PROBLEM DETAILS: Whenever an image turns up, omit it and return the remaining data exactly.

DATA SEGMENT:
· · · ·
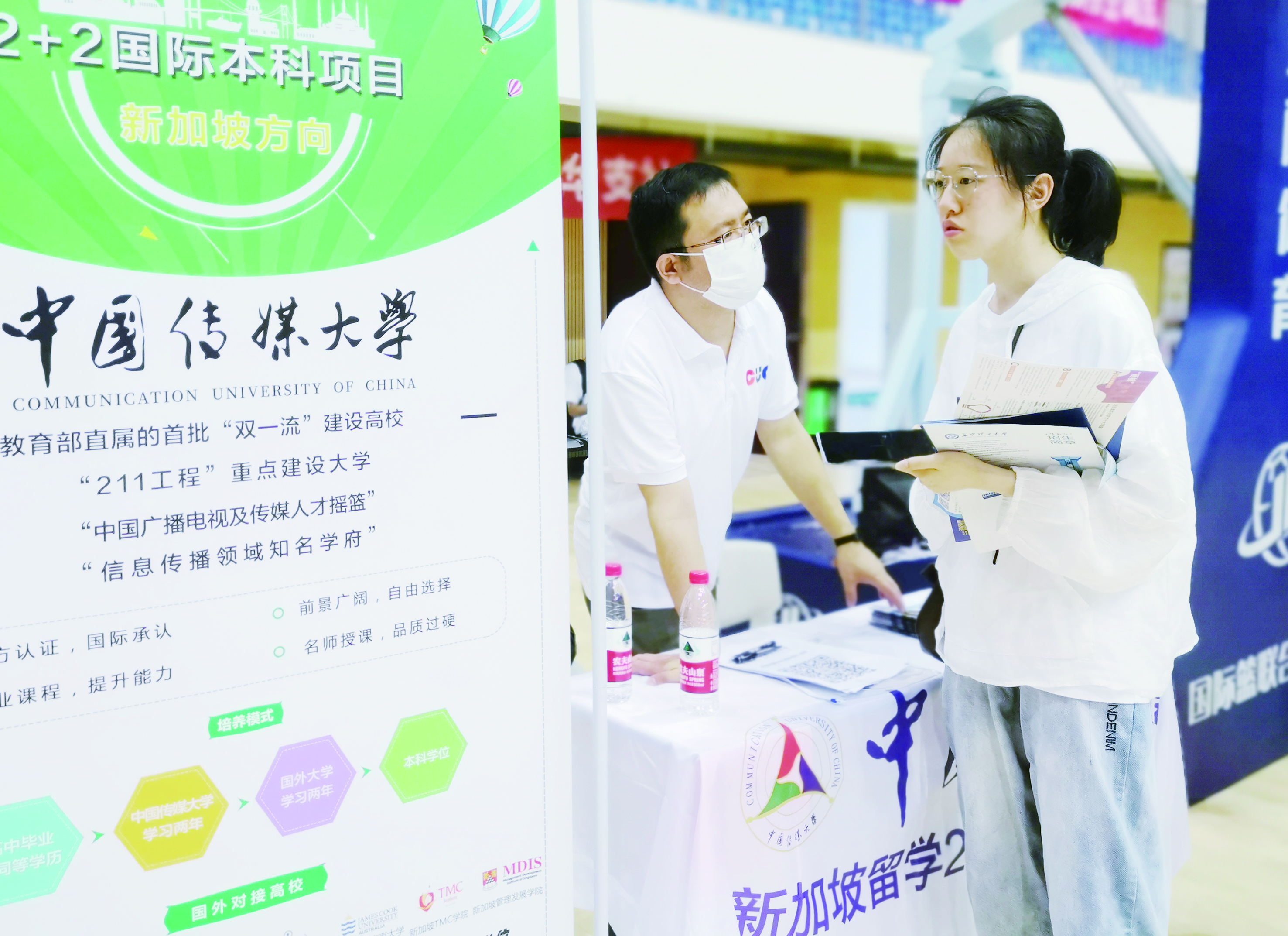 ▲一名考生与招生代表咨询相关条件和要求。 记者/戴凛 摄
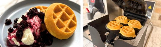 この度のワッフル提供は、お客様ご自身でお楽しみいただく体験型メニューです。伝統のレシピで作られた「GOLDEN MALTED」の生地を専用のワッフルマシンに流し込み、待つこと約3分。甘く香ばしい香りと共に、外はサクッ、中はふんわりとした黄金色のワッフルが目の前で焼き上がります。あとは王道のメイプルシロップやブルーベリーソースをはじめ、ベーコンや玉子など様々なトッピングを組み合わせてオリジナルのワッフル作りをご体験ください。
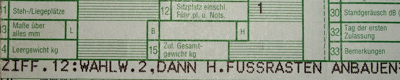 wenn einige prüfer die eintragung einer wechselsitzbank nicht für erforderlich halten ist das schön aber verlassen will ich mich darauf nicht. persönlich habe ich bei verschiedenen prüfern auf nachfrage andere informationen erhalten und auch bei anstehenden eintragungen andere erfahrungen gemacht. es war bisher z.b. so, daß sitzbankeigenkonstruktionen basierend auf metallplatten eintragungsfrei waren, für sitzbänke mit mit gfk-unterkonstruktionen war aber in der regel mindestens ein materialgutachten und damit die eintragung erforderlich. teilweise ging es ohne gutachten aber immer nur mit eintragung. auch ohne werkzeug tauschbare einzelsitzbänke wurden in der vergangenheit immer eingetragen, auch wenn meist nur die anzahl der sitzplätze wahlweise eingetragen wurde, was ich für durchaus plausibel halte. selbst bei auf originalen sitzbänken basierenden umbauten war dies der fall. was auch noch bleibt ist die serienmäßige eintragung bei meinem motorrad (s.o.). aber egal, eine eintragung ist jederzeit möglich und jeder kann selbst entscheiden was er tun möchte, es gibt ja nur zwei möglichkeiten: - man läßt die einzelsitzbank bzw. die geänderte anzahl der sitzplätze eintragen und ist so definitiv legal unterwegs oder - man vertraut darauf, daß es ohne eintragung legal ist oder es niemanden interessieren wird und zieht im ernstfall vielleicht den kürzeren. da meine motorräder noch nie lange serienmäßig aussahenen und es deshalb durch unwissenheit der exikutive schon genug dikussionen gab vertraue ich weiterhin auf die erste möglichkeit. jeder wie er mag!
· · · ·
SOLUTION TO THE PROBLEM:
 ▲一名考生与招生代表咨询相关条件和要求。 记者/戴凛 摄
 この度のワッフル提供は、お客様ご自身でお楽しみいただく体験型メニューです。伝統のレシピで作られた「GOLDEN MALTED」の生地を専用のワッフルマシンに流し込み、待つこと約3分。甘く香ばしい香りと共に、外はサクッ、中はふんわりとした黄金色のワッフルが目の前で焼き上がります。あとは王道のメイプルシロップやブルーベリーソースをはじめ、ベーコンや玉子など様々なトッピングを組み合わせてオリジナルのワッフル作りをご体験ください。
 wenn einige prüfer die eintragung einer wechselsitzbank nicht für erforderlich halten ist das schön aber verlassen will ich mich darauf nicht. persönlich habe ich bei verschiedenen prüfern auf nachfrage andere informationen erhalten und auch bei anstehenden eintragungen andere erfahrungen gemacht. es war bisher z.b. so, daß sitzbankeigenkonstruktionen basierend auf metallplatten eintragungsfrei waren, für sitzbänke mit mit gfk-unterkonstruktionen war aber in der regel mindestens ein materialgutachten und damit die eintragung erforderlich. teilweise ging es ohne gutachten aber immer nur mit eintragung. auch ohne werkzeug tauschbare einzelsitzbänke wurden in der vergangenheit immer eingetragen, auch wenn meist nur die anzahl der sitzplätze wahlweise eingetragen wurde, was ich für durchaus plausibel halte. selbst bei auf originalen sitzbänken basierenden umbauten war dies der fall. was auch noch bleibt ist die serienmäßige eintragung bei meinem motorrad (s.o.). aber egal, eine eintragung ist jederzeit möglich und jeder kann selbst entscheiden was er tun möchte, es gibt ja nur zwei möglichkeiten: - man läßt die einzelsitzbank bzw. die geänderte anzahl der sitzplätze eintragen und ist so definitiv legal unterwegs oder - man vertraut darauf, daß es ohne eintragung legal ist oder es niemanden interessieren wird und zieht im ernstfall vielleicht den kürzeren. da meine motorräder noch nie lange serienmäßig aussahenen und es deshalb durch unwissenheit der exikutive schon genug dikussionen gab vertraue ich weiterhin auf die erste möglichkeit. jeder wie er mag!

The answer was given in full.